On the Horizon


I’ve been feeling a lot of loss lately. Maybe because my dad passed in July nine years ago, this month brings the fragility of existence to the forefront of my mind.

The husband of one of my mom’s very close friends just died. They met and married after he returned wounded from Vietnam, then remained passionately in love for 40-some years, raising three kids into being parents in their own right. The funeral was awash in laughter through tears.

My good friend lost her dad unexpectedly in February, and that loss has since shadowed both my relationship with her and my work life.

I’ve also continued mourning the end of my 21-year marriage, with an official divorce decree in May. Two decades of sharing a home and a life do not disappear with a court order. And memories pop up at the most unexpected times, making the process of moving forward long, labyrinthine and laborious.

My latest loss is Stacy. Don’t worry: She continues to get healthier and stronger, and her latest was the third MRI in a row with no evidence of disease. However, it’s been clear for a while that our relationship is not that healthy. The friction of our very different paradigms was wearing on both of us; we were arguing more than laughing in the last few months.

So we decided, more or less mutually, to end the serious romantic portion of our relations. We are doing our darnedest to stay friends, though, because neither of us can imagine a future completely devoid of the other.

Still, it feels like a loss. As my therapist explained to me last year, when a relationship ends, one mourns the loss of what could have been: all the hopes and dreams, future plans, possibilities of trips and schemes. The idea of “happily ever after” leaves a lingering mark.

The truth is that we often create a version of other people in our heads. I know I do. And when the reality of that person does not line up with the version we imagine, it can be really disappointing. It can feel like betrayal, even though the real person has done nothing wrong. It’s the same reason we are so devastated when a sports hero or movie star behaves badly in real life: Our internal portrait of others tends toward simple perfection while reality is always complex and flawed.

I thought I could be the person Stacy needed to weather her lingering cancer diagnosis into a bright future of renewed vigor and health. Perhaps she thought she could be the person to help me navigate into a bright future of patience and self-acceptance. Turns out, neither of us is exactly what the other had hoped for, despite our deep affection for each other. 
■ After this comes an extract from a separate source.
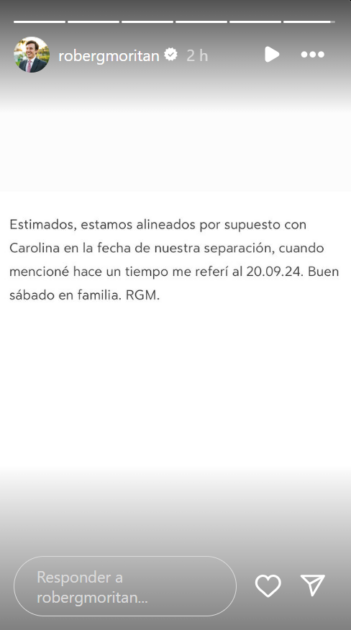 “Estimados, estamos alineados, por supuesto, con Carolina, en la fecha de nuestra separación. Cuando mencioné ‘hace un tiempo’ me referí al 20.09.24. Buen sábado en familia”.

Alas, love is not all you need.

My strategy for dealing with this loss is…well, I don’t really have one, to be honest. I am working on re-developing some of the healthy habits I let fall away while swimming in the ocean of Stacy. My eating habits are skewing more toward vegetables than fast-food again, and I am returning to the gym at regular intervals. The alcohol intake has not exactly ebbed, but that will come along with time. Self-medicating in times of stress is an old fall-back for me. I continue to grapple with that one, as I always have.

When I first left my husband a year and a half ago, I told everyone who would listen – including myself – that I needed to be alone for a while to get to know myself better. Then I proceeded to date six different guys in the space of a year. That did not leave a lot of “alone” time. Then I met Stacy and immediately dove into an exclusive and monogamous relationship that included six dogs, two roommates and an extended family of relatives and friends with endless drama and excitement. I was effectively shielded from any introspection for quite some time.

The end of this relationship feels different from the end of my marriage in at least one important way. I really do feel – perhaps for the first time – ready to be alone.

I realize I’ve said it before, so it may sound disingenuous. But this time feels true. The time I spent with Stacy helped me think about a lot of things differently: my body and sexuality, of course, but also my perception of time, my value of objects, my place in the community, my inherent worth as a human being trying to get it right.

I don’t know what the future holds, and that continues to be pretty scary for me. But it’s also an exciting invitation to create the life I want. As I learn to let go of all the could-have-beens, I begin to see even more what-ifs that lead me on toward new possibilities. And who knows: my next adventure is probably right around that seemingly impossible challenge looming on the horizon.